В одно из междодействии, утомленный духотой, я вышел с итальянцем подышать чистым воздухом, а кстати, завернул и в особую в театре караулку, где, в видах бережности от огня, разрешалось курить. Желающие здесь же имели обычай распивать принесенные из лавок прислугой и привезенные из дому бутылки венгерского и прочих вин. Мы покурили и вышли.
Вижу, на площади, у крыльца, стоит в кругу припевал граф Валерьян Зубов.
- Что мне декламаторские таланты и это вытьё вашего прославленного Дмитриевского! Ужли не постыл он вам? Вот Неточка Поморева - это другая статья... Так решено? - спросил он Трегубова.- У разъезда, господа,- объявил Зубов,- сперва аплодисменты, цветы,- а там... Более не расслышал. Взглянул на его румяное от экстаза, красивое и смеющееся, женоподобное лицо и вдруг увидел под буклей в ухе бриллиантовую сережку. Тут и вспомнилась мне Пашута. Все завертелось передо мной: офицеры, площадь, толпа, спешившая из караулки, экипажи, фонари.

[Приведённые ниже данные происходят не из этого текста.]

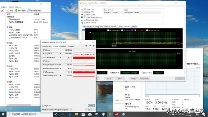 在约20分钟的烤机模式下,CPU温度99°,功耗15W,实际上根据在游戏运行中的功耗、占用比对比来看,依然没有达到最高35W的功耗,因为这里面还包括集成显卡占用的资源,所以CPU实际上也是在15-35W之间正常波动的。也就是说最终的功耗与应用需求是相关的。
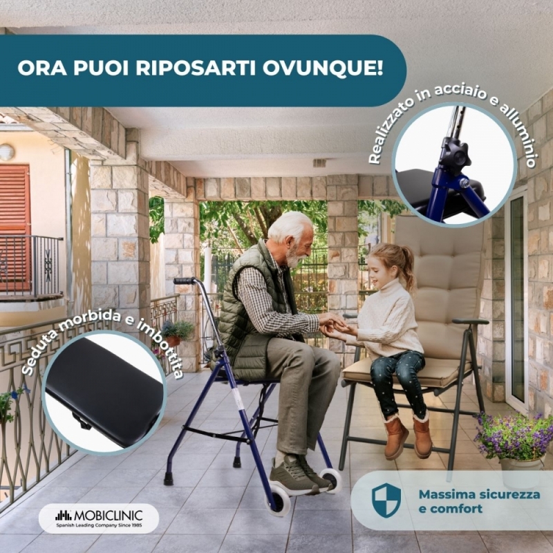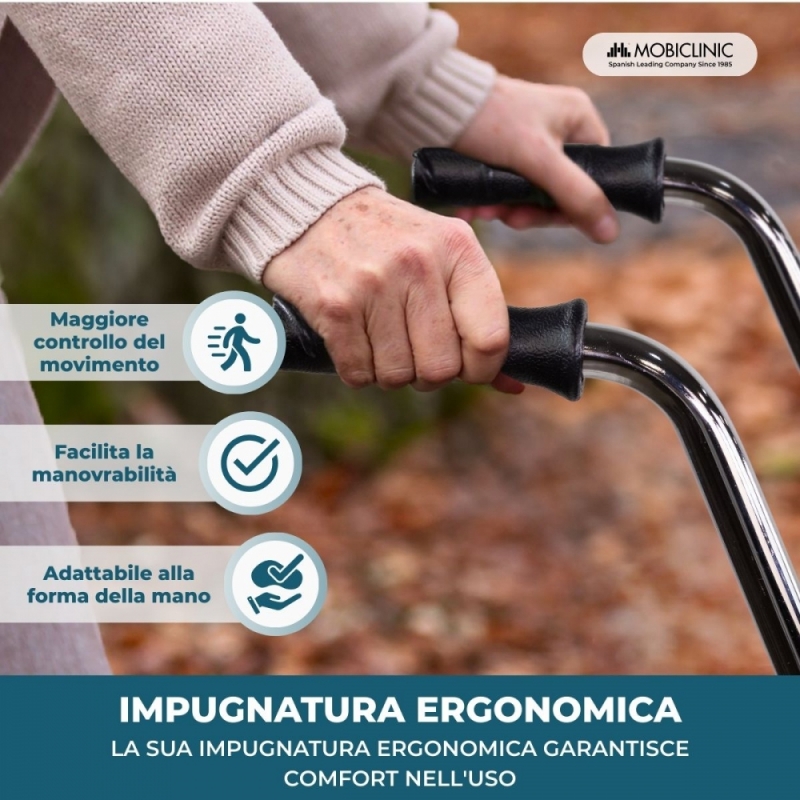 Il deambulatore per adulti Emérita di Mobiclinic è dotato di due ruote che garantiscono la stabilità necessaria durante le passeggiate. È inoltre dotato di un sedile imbottito in PVC che consente di riposare quando necessario. Le maniglie ergonomiche sono regolabili in altezza da 84,2 cm a 96 cm, per adattarsi alle proprie esigenze.

- Вам бы, сударь,- сказал я, подойдя к графу,- не за актрисами гоняться.
Зубов смешался.
- Что вам угодно? - спросил он.- И кто вы такой? Не имею чести вас знать.
- А я вас доподлинно знаю,- ответил я,- не угодно ли на пару слов?
Он отошел со мной в сторону. Я назвал себя.
- Но в чем же ваша надобность ко мне? - спросил он.
- Час и место, государь мой, если вы памятуете, что есть честь?
- Дуэль? - спросил он вполголоса, покраснев.
Все его прихлебатели поотдвинулись при этом слове, и ни на ком нет лица.
- Что ж,- продолжал он,- я не прочь от сатисфакции; только не в таком месте, господин Бехтеев, конверсация; и притом убеждены ль вы доподлинно в моей токмо провинности? То было недоразумение, карнавальная шалость в масках, на пари... и притом не о вашей родственнице...
- Ни слова больше! Да или нет? - вскрикнул я, задрожав и хватаясь за шпагу.
Чувствую, меня схватили сзади, отводя дальше от публики. Оглядываюсь - два незнакомых артиллериста, открыто ставшие за меня.
- Давно пора проучить зазнавшихся фаворитовых родичей и их друзей! - говорят они, пожимая мне руки.- Мы к вашим услугам.
Я им назвал себя и место моей стоянки. Они подошли к графу и к его сателлитам и условились о сроке и месте поединка. Установили драться вечером следующего дня на пистолетах за Калинкиной деревней.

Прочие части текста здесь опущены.